Error::Timeout is #[non_exhaustive] (like Exit and Signalled), so read it through accessors instead of destructuring { program, timeout, stdout, stderr } — a full literal no longer compiles, and a later field would break one. Alongside the lossy-UTF-8 err.stdout() / err.stderr() strings it now carries err.stdout_bytes() -> Option<&[u8]>: the exact captured bytes when the failure rose from a byte path (output_bytes().await?.ensure_success()?), and None on the text verbs (run / output_string / checked), whose decoded stdout is already complete. The full error table lists every variant.

Two distinct deadline families to keep apart:

Command::timeout — the run's own contract, this section.
The readiness probes' within parameter — gives Error::NotReady and never kills the child.

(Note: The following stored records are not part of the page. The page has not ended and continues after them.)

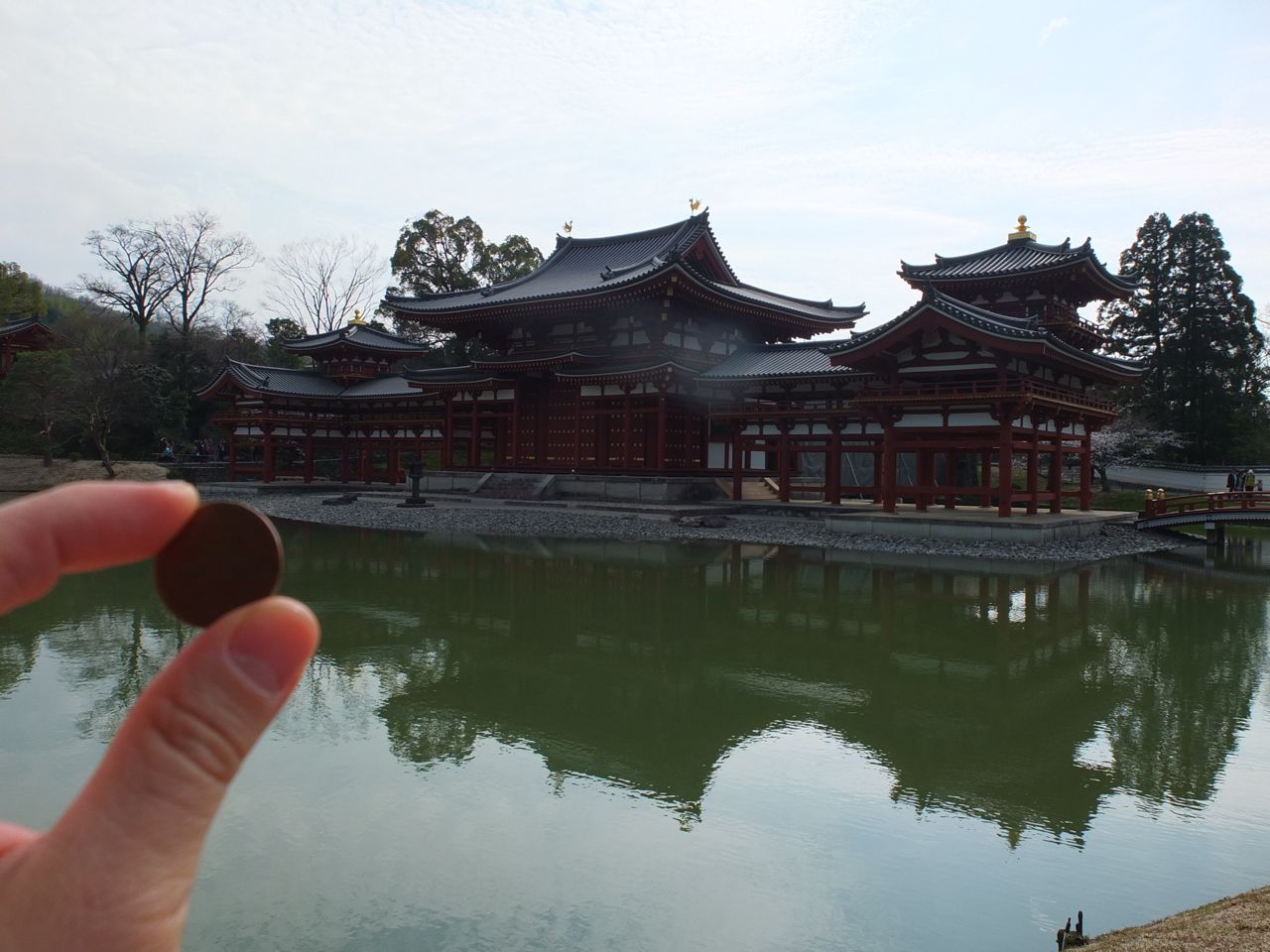 そのため建物には入れませんが、足場は全部は全部外され、きれいな平等院の姿が池に映る姿は見ることができました。入場料が半額だったのは嬉しかったです。
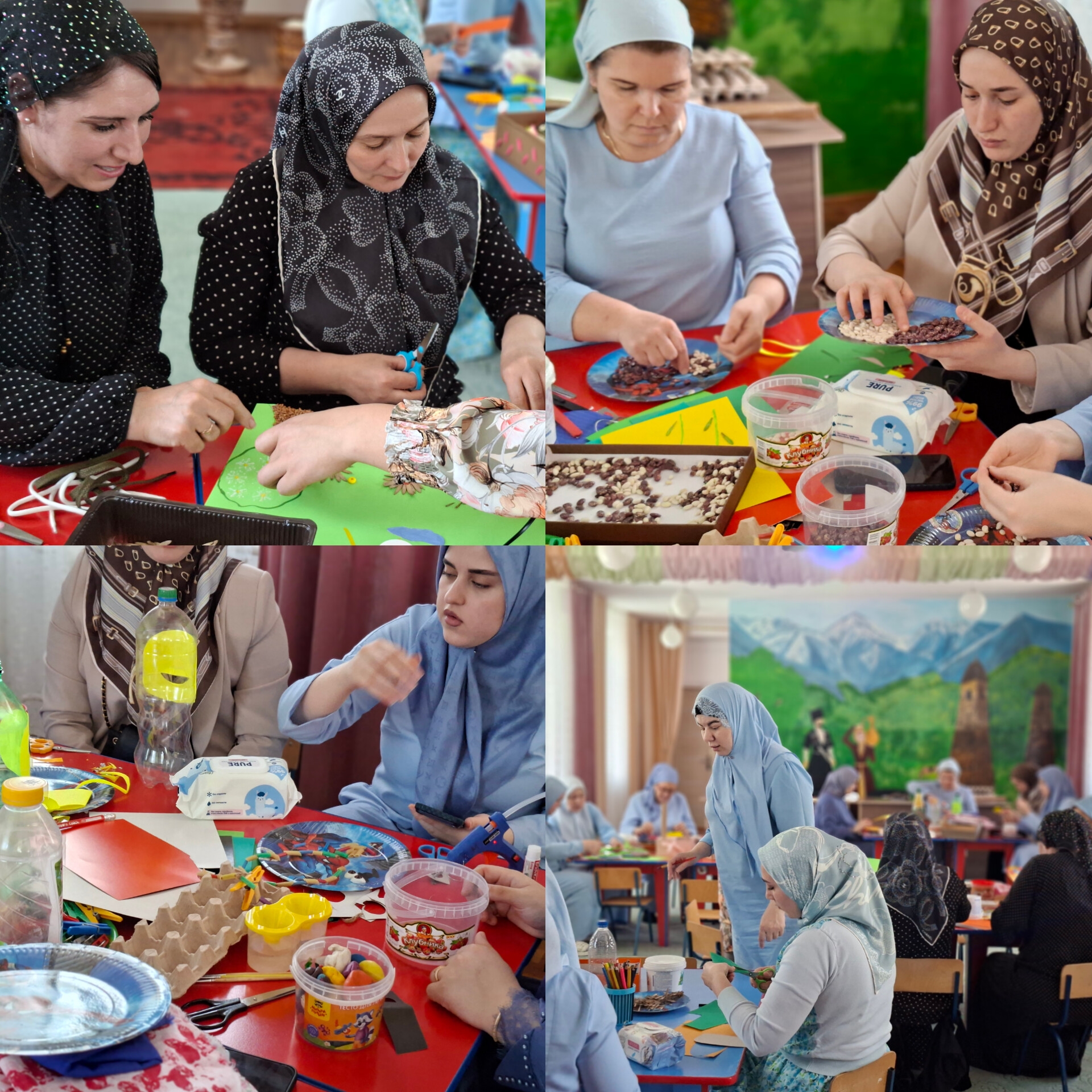 В рамках проекта «Просвещение родителей» старший воспитатель Матаева М.К. и педагог-психолог Мусаитова З.Э. провели практическое занятие, на котором взрослые своими руками создали развивающие игры и пособия.
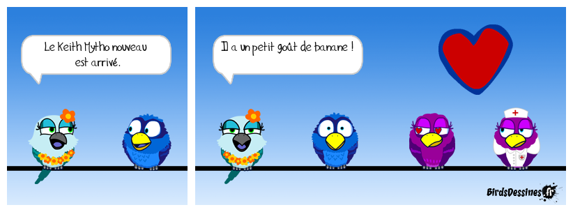 Case 1:Bird 1: Le Keith Mytho nouveau est arrivé. | Case 2: Bird 1: Il a un petit goût de banane ! | Case 3:
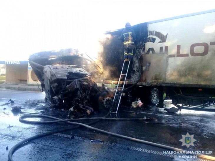 "У результаті зіткнення вантажівка DAF загорілася. У пожежі загинув її водій. Ще один водій, 41-річний житель Житомирської області, не постраждав. Водія молоковоза з термічними опіками 20% тіла госпіталізували в реанімаційне відділення", - йдеться в повідомленні.

Optional and explicitly-unbounded deadlines

A CliClient's default_timeout is a gap-fill: it lends its deadline to any command that didn't set one, and a per-command timeout overrides it. Two verbs shape that fill:

Command::no_timeout() marks a command explicitly unbounded — a tail -f, a watch loop — so the client's default_timeout leaves it alone. That is not the same as simply never setting a timeout (which the client does fill): you are opting out on purpose. The last of timeout / no_timeout on the chain wins, so a late no_timeout() clears an earlier deadline and a late timeout(d) restores one.
Command::timeout_opt(Option<Duration>) folds a config value straight in: Some(d) is exactly timeout(d), None is exactly no_timeout() — the deliberate opt-out, not a silent fall back to the client default. It collapses the match cfg { Some(d) => c.timeout(d), None => c.no_timeout() } dance at a config-driven call site into one call.

#![allow(unused)]
fn main() {
use processkit::Command;
use std::time::Duration;

// Config-driven deadline: `Some(d)` behaves like `timeout(d)`, `None` like
// `no_timeout()` (stay unbounded — do NOT fall back to a client default_timeout).
let deadline: Option<Duration> = None;
Command::new("worker")
    .timeout_opt(deadline)
    .run()
    .await?;

// A follower that must outlive an ambient default_timeout — opt out explicitly:
Command::new("tail").args(["-f", "app.log"]).no_timeout().run().await?;
}

Graceful timeout

By default the deadline hard-kills at once. Add timeout_grace(d) to give the tree a chance to clean up: at the deadline it is sent SIGTERM (or the signal chosen with timeout_signal, which needs the process-control feature), allowed up to the grace window to exit, then SIGKILLed — the same SIGTERM → wait → SIGKILL tier as ProcessGroup::shutdown. A signal-handling child that exits ends the grace early.

#![allow(unused)]
fn main() {
use processkit::Command;
use std::time::Duration;

let result = Command::new("slow-tool")
    .timeout(Duration::from_secs(30))
    .timeout_grace(Duration::from_secs(5)) // SIGTERM, wait up to 5s, then SIGKILL
    .output_string()
    .await?;
}

timed_out() is true regardless of whether the child exited on the signal or was SIGKILLed after the grace — the deadline is what fired. Windows has no signal tier: timeout_grace is accepted but the deadline kills the job atomically.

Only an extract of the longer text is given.